Background information
- Origin: United Kingdom
- Genres: Psychedelic rock; freakbeat; garage rock; acid rock; proto-punk;
- Years active: 1966–1969; 1977; 1984; 1996; 2002; 2011–2013;
- Labels: Sire, Stiff,
- Past members: Mick Farren Pete Munro Clive Muldoon Mike Robinson Benny (surname unknown) Phil Mari Russell Hunter Cord Rees Ian “Sid” Bishop Michael “MJ” McDonnell Duncan “Sandy” Sanderson Paul Rudolph Andy Colquhoun Larry Wallis Alan Powell Wayne Kramer George Butler Doug Lunn Ric Parnell Michael Simmons Jack Lancaster Garry Chamberlain Alexander Stowell

= The Deviants (band) =

British rock band

The Deviants (formerly The Social Deviants) were a British psychedelic rock band originally active from late 1966 to 1969. The bandname was later used as a vehicle for the musical work of writer Mick Farren until his death in 2013.

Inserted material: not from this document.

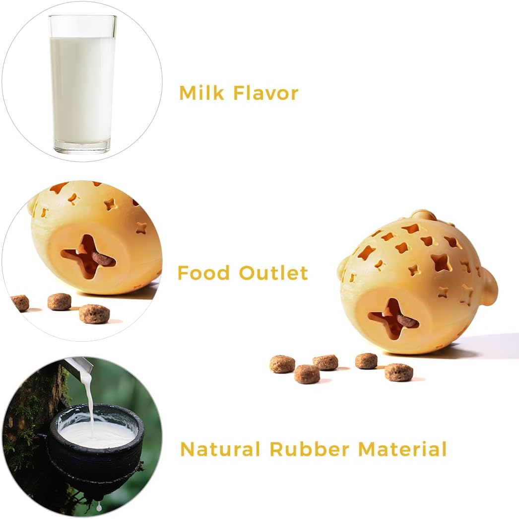 - Safe Material-Interactive dog toys made of non-toxic 100% natural rubber materials are safe for medium and large dog to chew and play. Milk flavor design makes dogs fall in love with cleaning his teeth.

Farren has stated that The Deviants were originally a community band which "did things every now and then—it was a total assault thing with a great deal of inter-relation and interdependence". Musically, Mick Farren described that they were influenced by The Who, Charles Mingus, The Velvet Underground and Frank Zappa.

==History==
===1960s===
The Social Deviants were founded by singer/writer Mick Farren in late 1966 out of the Ladbroke Grove UK Underground community, featuring Pete Munro on bass, Clive Muldoon on guitar, Mike Robinson on guitar, and Benny (surname unknown) on drums. This group played at UFO in Tottenham Court Road and opened the Alexandra Palace Love-In festival. Shortly thereafter Benny (surname unknown) was replaced by Phil Mari on drums for a few gigs. In the early months of 1967 Phil Mari left the band and was replaced by Russell Hunter (born Barry Russell Hunter, 26 April 1946, Woking, Surrey died 19 December 2023, Eastbourne, East Sussex) as permanent drummer in the group. The band then shortened their name to "The Deviants" after Pete Munro, Clive Muldoon, and Mike Robinson all left the group and were replaced by Cord Rees on bass and Sid Bishop on guitar (born Ian Bishop, 17 December 1946, Balham, South West London). With the financial backing of Nigel Samuel, the 21-year-old son of a millionaire, whom Farren had befriended, the group independently recorded their debut album Ptooff!, selling copies through the UK Underground press before it was picked up by Decca Records. This LP had been reissued on Drop Out Records (1992), Captain Trip Records (2004), Esoteric Recordings (2009), and Angel Air Records (2013); additionally, a 10" EP with excerpts from Ptooff!! was released on Alive/Total Energy Records (1996) under the name 'Social Deviants'.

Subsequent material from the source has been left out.